Started "doing" Pythagorean theorem problems with isosceles triangles today ...

Question

Yesterday, I solved my very first Pythagorean theorem problem! Everything was going good so far, I was solving harder problems very easily. However, today's lesson is a little bit different. I am working with isosceles triangles, and I have the following:

The two equal sides of the isosceles triangle are 25 cm long. The base, on the other hand, is 40 cm. I have to find the height of the triangle (CH).

So, I did the following:

(CH)2 + (AC)2 = (AB)2

(CH)2 + 625 = 1600

(CH)2 = 975

CH = 5 √ 39

Am I correct? Any kind of help is appreciated!

Answer 1

As you noticed in your comment, "I should be using half of AC, instead of the whole side". Indeed. Then you have a right triangle with one leg $20$, and the hypotenuse, say $AB$ of length $25$.

So we get the equation, to determine height, $$20^2 + \text{height}^2 = 25^2$$

Now you just need to solve for height: $$\text{height}^2 = 25^2 - 20^2.$$

Answer 2

What you have done wrong is that you messed up with your notations! Let's keep them organized!

Denote your isosceles triangle as $\triangle ABC$ where

• $AB=40$ is the base,
• $CB=CA=25$ are the two sides of equal length,
• and $CH$ is the height that you want to find.

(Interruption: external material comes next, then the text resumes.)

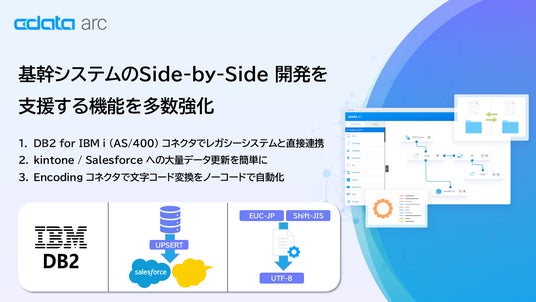 2025年7月17日、リアルタイムデータ連携コネクタのCData Software Japan 合同会社(本社:アメリカノースカロライナ州、日本オフィス:宮城県仙台市、代表社員 職務執行者:疋田 圭介、以下CData)は、B2B データ連携ツール『CData Arc 25.2』をリリースしました。今回のアップデートでは、基幹システムとSaaS の「Side-by-Side 開発」を支援する機能を大幅に強化。DB2 for IBM i(AS/400)コネクタの新規追加により、製造業で広く利用されている基幹システムとのシームレスな連携を実現し、kintone / Salesforce でのUpsert 機能のGUI 対応で大量データの効率的な処理がさらに簡単になります。さらにArcScript でのPython サポートにより、情報システム部門やSI 事業者の方に馴染みのある言語でローコードのカスタマイズをさらに加速します。

Notice that the point $H$ is the midpoint of the base $AB$. Now let's apply the Pythagorean theorem to the right triangle $\triangle CHA$: $$ CH^2+AH^2=AC^2\;. $$ Now substitution: $AH=\frac12 AB = 20$, $AC=25$. So $$ CH^2 + 20^2 = 25^2 $$ which is $CH^2 +400=625$. Hence $$ CH = \sqrt{225} = 15. $$ Don't you get excited that the length is an integer?! :)